Sure, we mention him in relation to our work, but he isn’t there to hear about how it is impacting people now. He isn’t there to see its impact now. And that made me feel a certain way about presenting our successes.

Again, just to reaffirm, to me, this isn’t about feeling unworthy. To me, this is about knowing your role and knowing how it fits into a team. I am an obsessive and passionate sports fan. Sport teaches one the importance of teamwork and structure.

The more you learn about it, the more you realise Guru Nanak Dev Ji’s revolution is too important a mission for it to be misrepresented. As such, Sikh community domains can be unforgiving places. Criticism can be curt, attitudes can be abrasive, etiquette can be non-existent.

To step forward and attempt to lead something from within this is one of the bravest things a person can do. By its nature, this demands immense seva and intimate connection with sangat. There are too many people attempting to push themselves into Sikh leadership roles without any of the above for me to take what Jagraj Singh did lightly, by placing himself in the gauntlet of Sikh leadership and building a team to do panthic work.

In my opinion, I personally feel involvement in panthic work is overwhelmingly beneficial for one’s mental health. There is a genuine family love that can be built within sangat from being around those who want nothing more than sarbat da bhala. Not to mention the hugs. The hugs! People within sangat will hug you like you’re their long-lost best friend.

Nevertheless, I recognise the feeling of responsibility of representing a panthic org is by no means easy to handle. It is a daunting prospect to be in any position of being questioned by sangat. Yet, it is a fair and needed position to be in when working both with and for the Panth. It’s democratic beyond the version of democracy currently sold to us.

Still, that pressure can crush some, while others are forced to create their own protective pseudo-sangat circles. Then there are the beautiful GurSikhs who just lead revolution quietly, in their own under-the-radar manner, only dealing with who they have to.

However, not all panthic work can be done under-the-radar. Trying to relay a message of GurMat (Guru’s way of thinking) to those who know nothing of Sikhi is a tricky business. This is what Everythings 13 does as an organisation.

Leading such an org means dealing with everyone; from those just out for an argument to those who don’t think you’re a match for their intellectual ability.
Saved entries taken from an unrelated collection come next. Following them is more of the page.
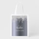 Silver glitter drips monogram initials grocery bag
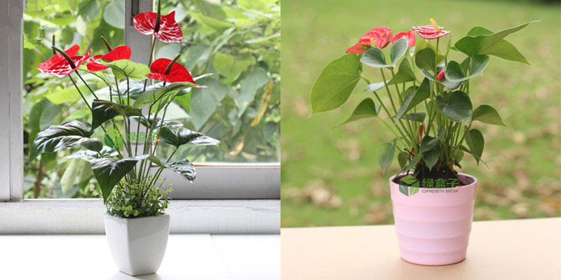 觀賞價值:其花朵獨特,為佛焰苞,色澤鮮艷華麗,色彩豐富,是名貴花卉?;ㄆ陂L,切花水養(yǎng)可長達1個半月,切葉可作插花的配葉??勺髋柙?,盆栽單花期可長達4~6個月,周年可開花。
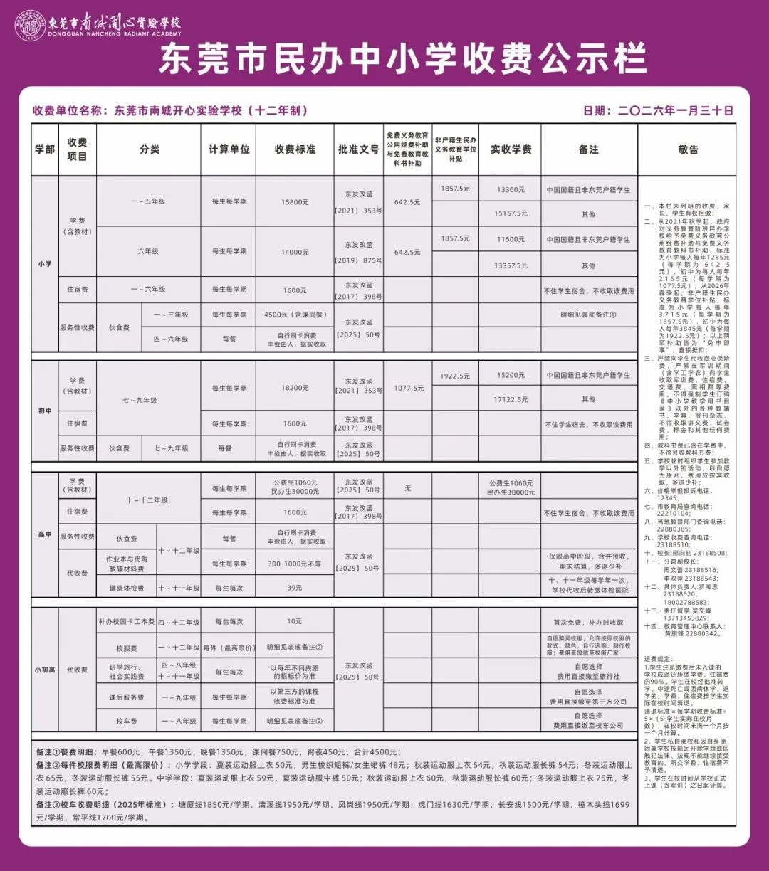 依据东莞市《关于加强学校教育收费公示管理工作的通知》的相关要求,现将我校收费标准公示如下:
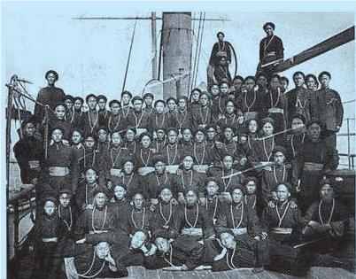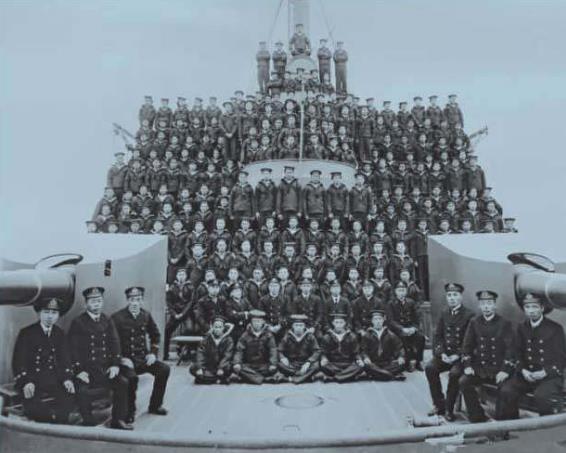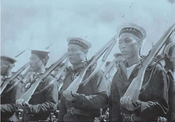 前一张图为甲午战争时期“致远”舰的全体官兵合影,后面一张图为“海琛”号上全体官兵合影一此时的大清水师已经全部着英式服装, 进行英式操练。
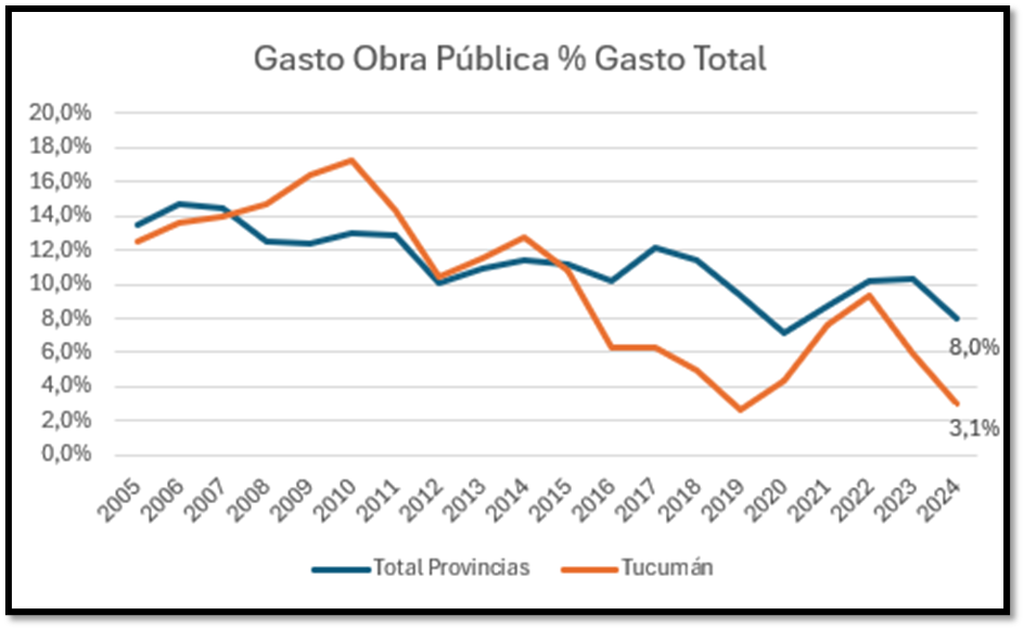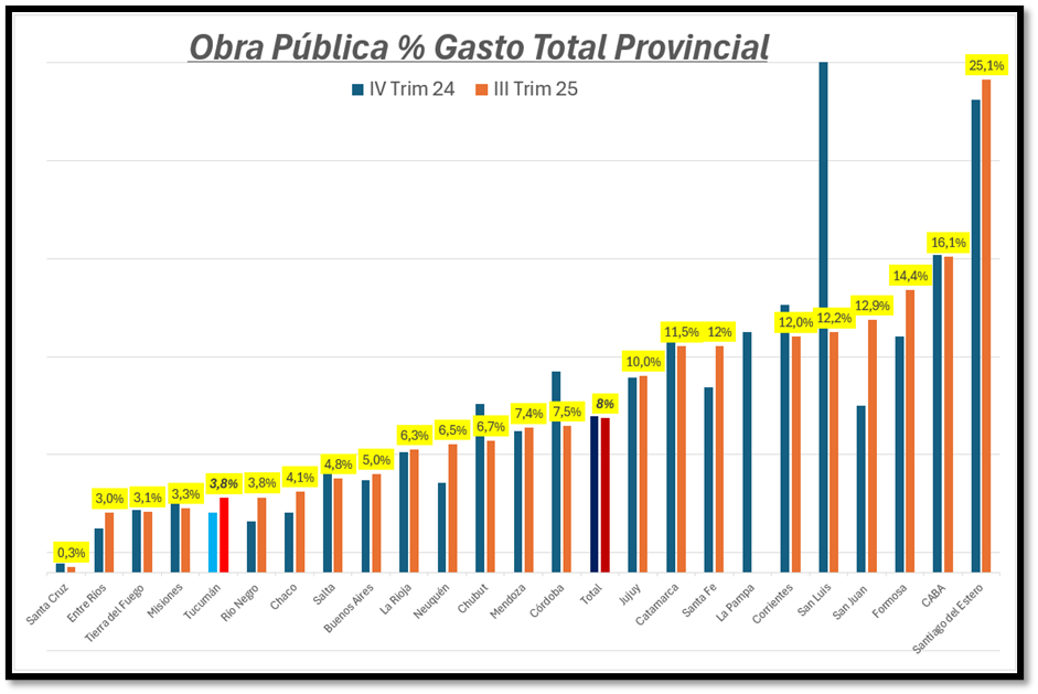 En los últimos años se ha querido reflotar la obra pública. Del 3% de 2024 hemos pasado al 4% de 2025. Es un aumento, pero no alcanza, hay que duplicar para llegar a la provincia promedio. Salta el 5%, Jujuy el 10%, Catamarca el 12% y Santiago el 25%.
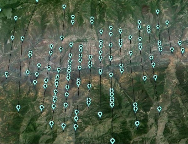 Distribución de epicentros sísmicos en líneas paralelas equidistantes
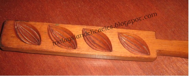 Coat the buah kana mould with flour and knock out excess flour,place a bit of the dough in the mould and knock out slowly from the mould the dough.
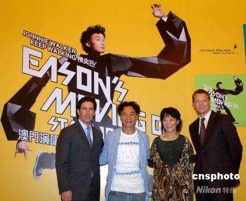 五月八日,香港歌星陳奕迅(左二)在澳門(mén)威尼斯人酒店出席個(gè)人世界巡回演唱會(huì)記者招待會(huì),介紹其個(gè)人世界巡回演唱會(huì)最后一站的澳門(mén)演唱會(huì)將于七月十九日在澳門(mén)威尼斯酒店舉行。中新社發(fā) 史利 攝
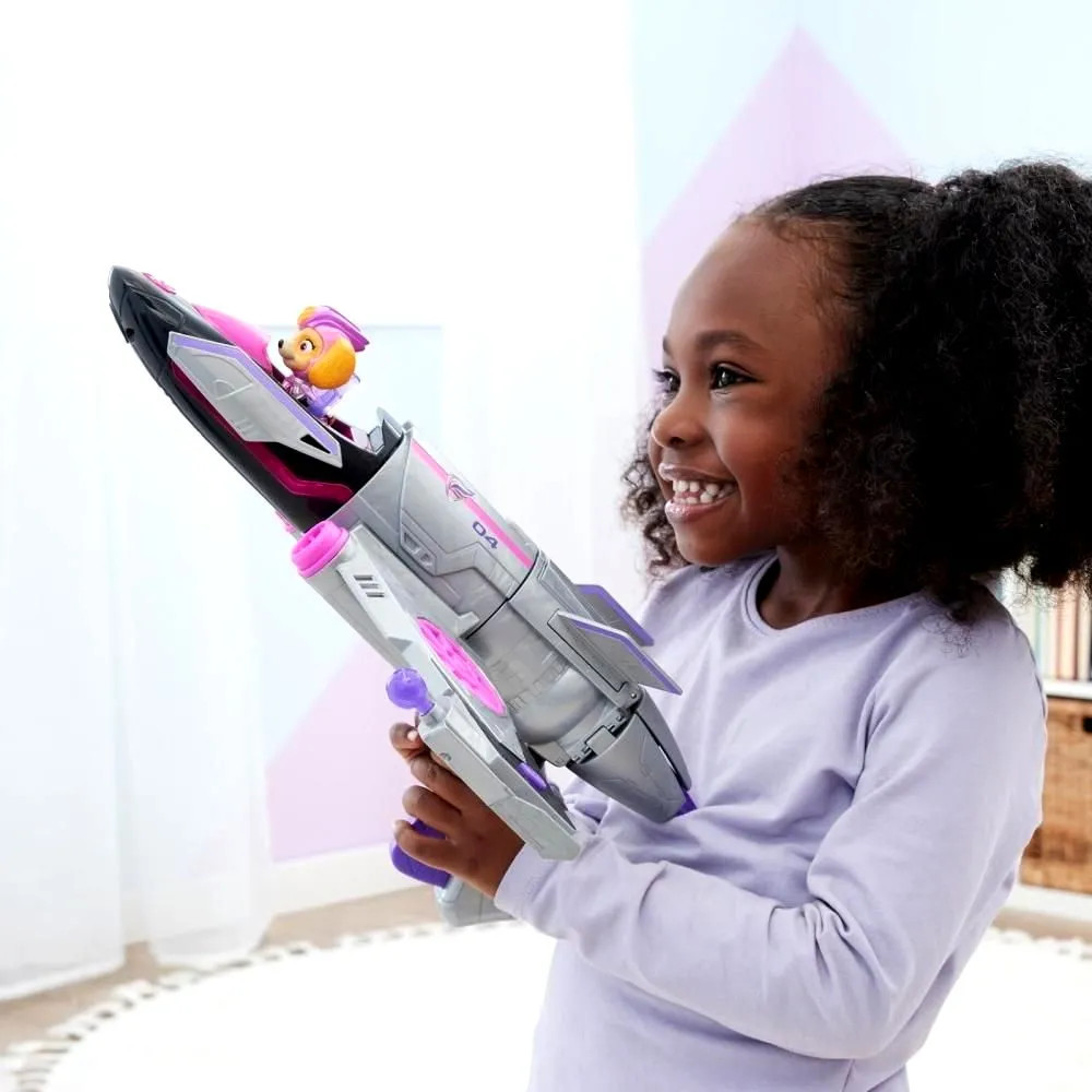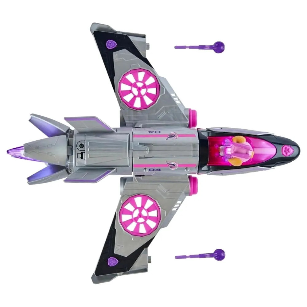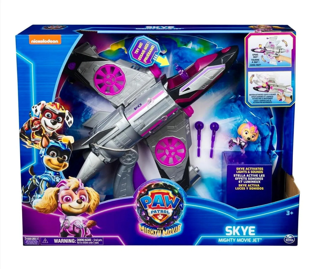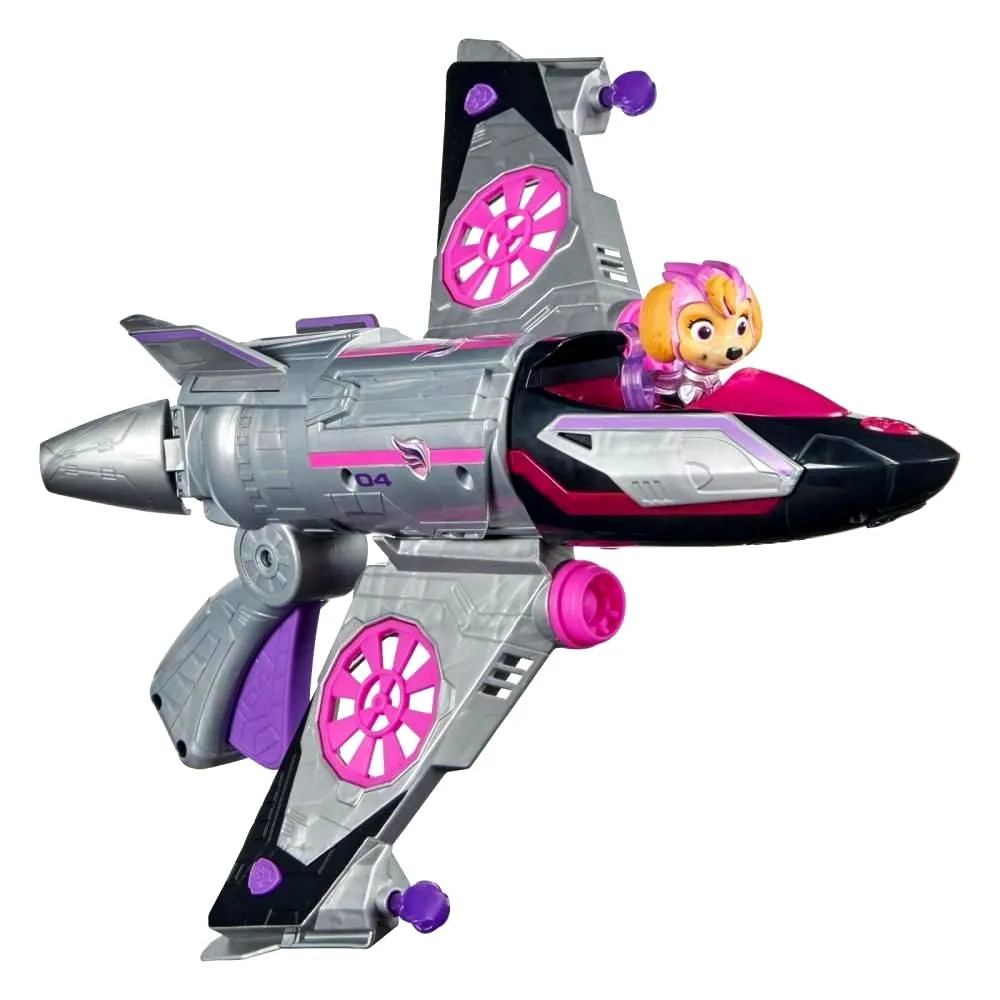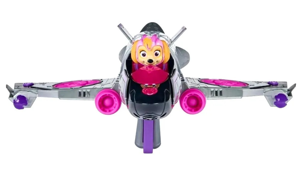 Csatold be Skye-t a játékrepülőgép pilótafülkéjébe, mozgasd körbe, és nyomd meg az emelőkart, hogy elforgasd a sugárhajtású repülőgépe szárnyait, és hogy hallhasd a mozifilm hanghatásait és zenéjét!
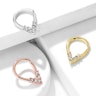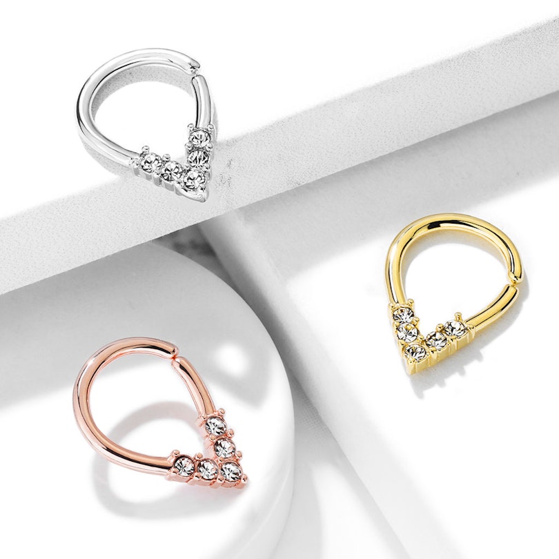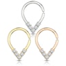 Messing ist jedoch keine besonders hübsche Farbe für Piercingschmuck, daher wurde dieser Schmuck auch beschichtet. Die Gold Version wurde beispielsweise mit 14 Karat Gold beschichtet. Am unteren Rand des Schmucks sitzen fünf kleine klare Steine, welche dem Schmuck seine Eleganz verleihen.

As the hundreds of thousands who’ve seen Jagraj Singh deal with even the most rigid of perspectives will know, he did this with Khalsa nobility.

Jagraj Singh went through a lot – physically, mentally and spiritually – to create panthic institutions through Everythings 13, one of which I am lucky to be involved with and has me in a blessed position of working with sangat and mixing with GurSikhs on a daily basis. This is something I am eternally grateful for.

That’s why I was left with that empty feeling after the recent event; because when I see the success of what Jagraj Singh’s started with Everythings 13, when I feel the benefit of it, when I see its progress, I am still feeling the grief of him not being here to see it too.